As crazy as it sounds, I kind of feel sorry for her; but she did know what she was getting. She had that advantage over me.

NoMoreMsNiceChump
NoMoreMsNiceChump
3 years ago

Nitwit got the marital residence and I moved 30 miles away, so the chances of my running into him by chance at the grocery store are marginal.

The last time I saw him in person was a couple of weeks after I had moved out. I had to retrieve a few things of mine I had forgotten to pack the last time. I had no idea what he would do or how I would react so I asked my dad to accompany me and conveniently “forgot” to tell Nitwit I would not be coming alone. My turn for duper’s delight, I guess.

Anyway, what surprised me was how different the condo looked from when I had lived there. On one hand this was to be expected. I had brought most of the furniture to the marriage and had taken it with me upon leaving. But to see my former living and dining area so tastefully furnished in so short a time was surprising. It made me wonder if there was trouble between him and the OW and he was now trying to lure yet another woman in. Then I went into the bedroom and saw that it was the same cluttered mess it always was. Which is a great metaphor for the “man” himself: a glittering facade concealing the disorder within.

I got my things, chatted of inconsequential things with him and my dad, then left. At no point did I feel anything more than if he had been a perfect stranger who had found my possessions in the street.

Spinach@35
Spinach@35
3 years ago

What I appreciate is that my friends and siblings have played out how they will react if they bump into the FW. These reactions range from ignoring him, giving him the finger, hitting him, yelling at him etc…

It feels good to have a support team.

Ps.
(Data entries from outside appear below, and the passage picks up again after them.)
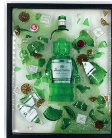
Alter Ego Broken Tanqueray 834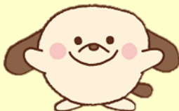
KLCイメージキャラクター「ケルシー」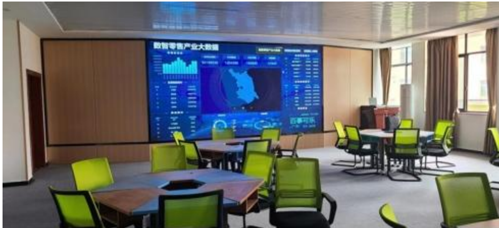
图 智慧零售运营中心

智慧零售运营中心 319 积 130 方集大分、和创 创 孵化 的 慧 ( 2-3), 包 含 备、 及 等 90.01 ( 表 1)。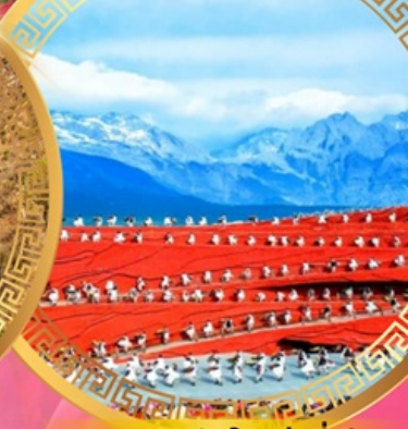
ความประทับใจแห่งลี่เจียง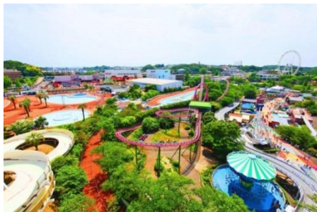
貸出画像「よみうりランド全景」

利用方法 入園口にて、お名前を証明できるものをご提示ください。ご本人様のみ有効。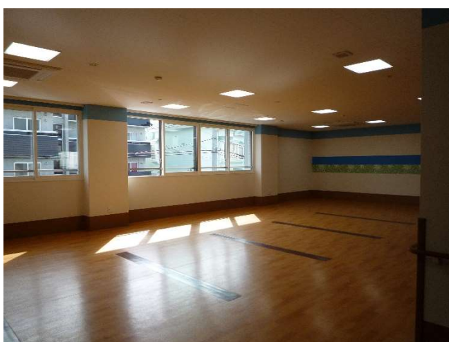
多目的室 2 F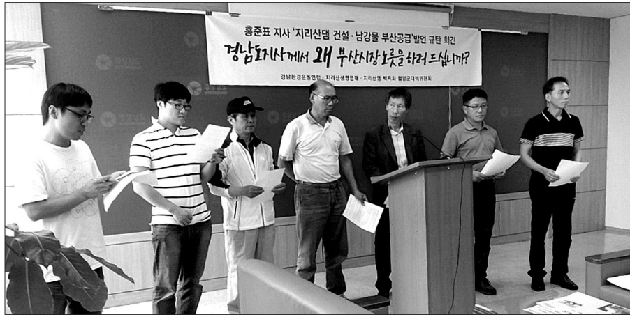
지리산 종교연대 등의 시민단체 활동가들이 6월 18일 경남도청에서 기자회견을 열었다.

사천지역 시민·사회단체들도 지난 11일 사천시장에서 기자회견을 열어 "정부가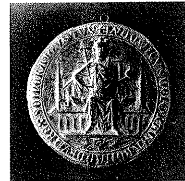
Wachsabguß von obigem Kaisersiegel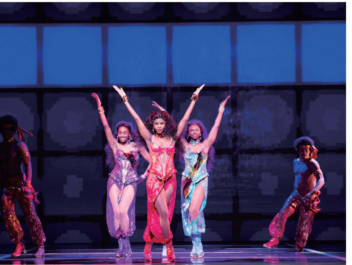
音乐剧《追梦女郎》中的女孩们为梦想逃离贫民窟，功成名就后却发现已失去自由。这丝无奈也为星光闪耀的剧情抹上了悲情和伤感的色彩。

演员则表示，虽然他们没有经历过上世纪60年代的种族隔离，但对美国种族问题的现状也有自己的体会，并融合在演绎中。剧中饰演小柯蒂斯·泰勒的杰里米·欧文，曾是传奇阿波罗业余百老汇之夜的第一名得主。即便如此，他发现在百老汇面临同一个角色时，白人演员总是比作为黑人的他更易成功，并为观众接受。“黑人演员只有更优秀、更努力，才能获得同样的机会。作为有色人种，在美国娱乐圈工作会面临诸多挑战，平权问题上我们还有很长的路要走。”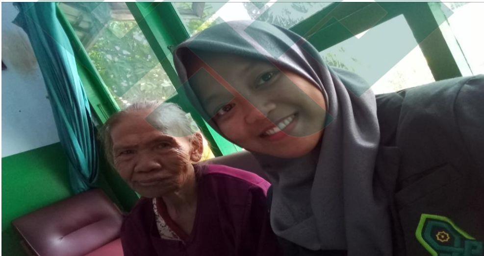
Wawancara bersama Penerima Manfaat di Wisma

I’m sure they won’t resort to hitting, but I appreciate and identify with the urge. My peeps!!!

Nita
Nita
3 years ago
Reply to  Spinach@35

Yeah, for me it’s not the whacked-out sexual behavior that’s most difficult to handle. It’s the blame-shifting that makes me want to punch FWs and their assorted flying monkeys. So much so that at times I’ve considered a punching bag to help deal with my frustration in a healthy (and safe) way. ????
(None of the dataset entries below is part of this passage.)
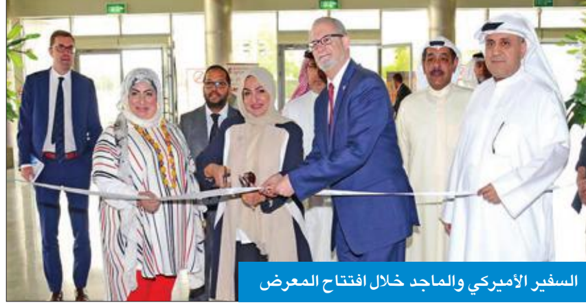
السفير الأميركي والماجد خلال افتتاح المعرض

أكد السفير الأميركي لدى الكويت لورانس سيلفرمان، أن إجراءات التأشيرات بسيطة جداً للطلبة الحاصلين على القبول في الجامعات الأميركية، مشيراً إلى أن هناك خيارات كثيرة للطلبة من حيث نوعية وقوة الدراسة في المجالات كافة. وقال سيلفرمان، خلال افتتاح معرض الجامعات EduEx Q8 التعليمي على أرض المعارض الدولية في مشرف صباح أمس، إن أفضل ما تقدمه الجامعات الأميركية هو الاعتماد على النفس، فالأمر لا يتعلق بدراسة الطالب المواد المقررة، لكنه يتعلق باكتشاف الذات، وهذا أفضل ما في جامعاتنا، عربياً عن سعادته بالمشاركة في أكبر معارض الجامعات بالكويت بمشاركة 39 جامعة عالمية، منها نحو 20 جامعة أميركية من القطاعين الحكومي والخاص. وأضاف أن الولايات المتحدة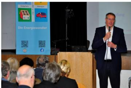
Festrede: Alexander Schweitzer, Ministerpräsident von RLP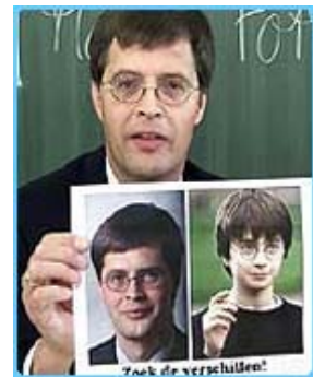
Premier Balkenende tijdens het interview met het jeugdjournaal

Op 1 april 2003 bracht het jeugdjournaal het bericht naar buiten dat premier Balkenende, van wie gezegd wordt dat hij zoveel op Harry Potter lijkt, in de volgende film over Harry Potter, 'De gevangene van Azkaban', de vader van Harry Potter zou spelen. Balkenende speelde het spelletje mee en liet zich voor de camera interviewen.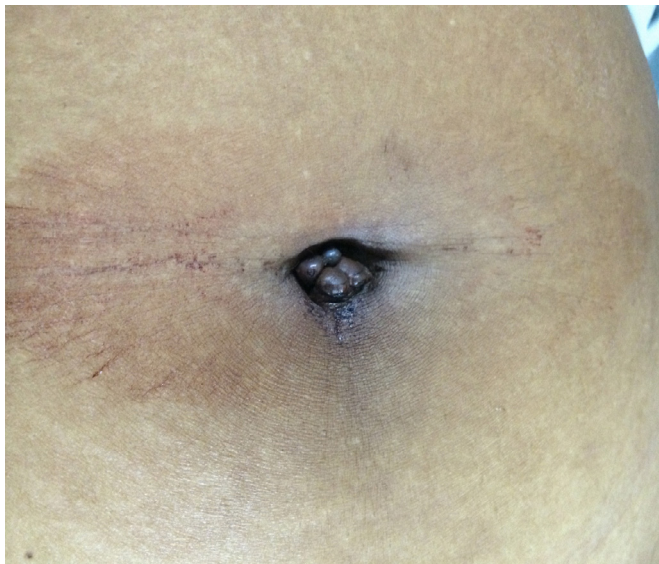
Figura 2. Endometrioma com sangramento ativo: manifestação clínica clássica no período menstrual.

Feels great when people ‘get it’. Amen. Hugs, Spinach! ????????????

InnocenceLost
InnocenceLost
3 years ago

We were using my therapist’s office as a drop off point for him to return a few heirlooms. Since i lived a few hours away by then, I got there early, so parked off to the side and waited for the all clear (we weren’t supposed to interact). My therapist let me know soon after that he had said he was running late (as usual) so I waited more. He showed up…with HER. I didn’t know what I’d feel when i saw him, so I was glad to not feel anything. It helped he didn’t look like the man I fell in love with, as he was well-covered in tattoos, which i hate. When i saw her I gasped because her online pics are skillfully taken and cropped so you get the wrong impression about how she looks. When i saw them together, I was outside my car, and I ran to the nearby SUV and hid behind it, panting and in shock. Panic attack. I felt really angry deep underneath that she was touching MY STUFF, but after I hid I couldn’t move. Couldn’t til they left in his car.
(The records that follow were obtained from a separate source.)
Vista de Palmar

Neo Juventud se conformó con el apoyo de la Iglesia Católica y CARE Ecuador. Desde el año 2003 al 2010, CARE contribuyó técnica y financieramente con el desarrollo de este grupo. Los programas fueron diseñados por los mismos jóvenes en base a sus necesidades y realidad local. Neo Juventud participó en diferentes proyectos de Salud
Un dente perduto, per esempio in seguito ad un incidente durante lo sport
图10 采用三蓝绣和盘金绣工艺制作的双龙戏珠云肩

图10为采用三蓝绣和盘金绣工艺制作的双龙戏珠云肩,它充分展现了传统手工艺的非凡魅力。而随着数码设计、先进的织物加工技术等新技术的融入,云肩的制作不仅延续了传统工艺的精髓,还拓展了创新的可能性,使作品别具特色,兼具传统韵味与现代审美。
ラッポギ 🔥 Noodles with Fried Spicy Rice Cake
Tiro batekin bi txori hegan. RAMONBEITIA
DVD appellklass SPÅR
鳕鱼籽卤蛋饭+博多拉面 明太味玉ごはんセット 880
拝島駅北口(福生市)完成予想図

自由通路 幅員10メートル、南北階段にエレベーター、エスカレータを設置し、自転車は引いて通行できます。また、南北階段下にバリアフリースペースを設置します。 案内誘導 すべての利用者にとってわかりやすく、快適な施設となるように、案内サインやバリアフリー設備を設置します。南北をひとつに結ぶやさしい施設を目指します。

A friend told me that he brought her on purpose as probably a shield against me/my therapist (who he knew quite well and also fooled during my 5 years of partner of sex addict therapy and his time manipulating every therapist he and I saw).

It felt good to see her dressed terribly, looking nothing like her online image. I felt angry that they had MY cats and wouldn’t even let me have them for a few months. I felt relieved a bit that I was done with his fucked up family, his ironic mishandling of his money (he does financial stuff for work!), and forcing patience on myself while waiting for his therapy to take affect- when you practice a better self a few hours a week and actively work against that better self the rest of the time it never sticks. I wish i had known he was double-crossing..

Anyway, it wasn’t a good response on my part. My therapist had offered her office to wait in and while I can picture the telling off I wanted to give them had we met by accident because he was late, the sad reality is I would have frozen, fainted, cried, and been too vulnerable in front of people who should only ever get “black rock” from me.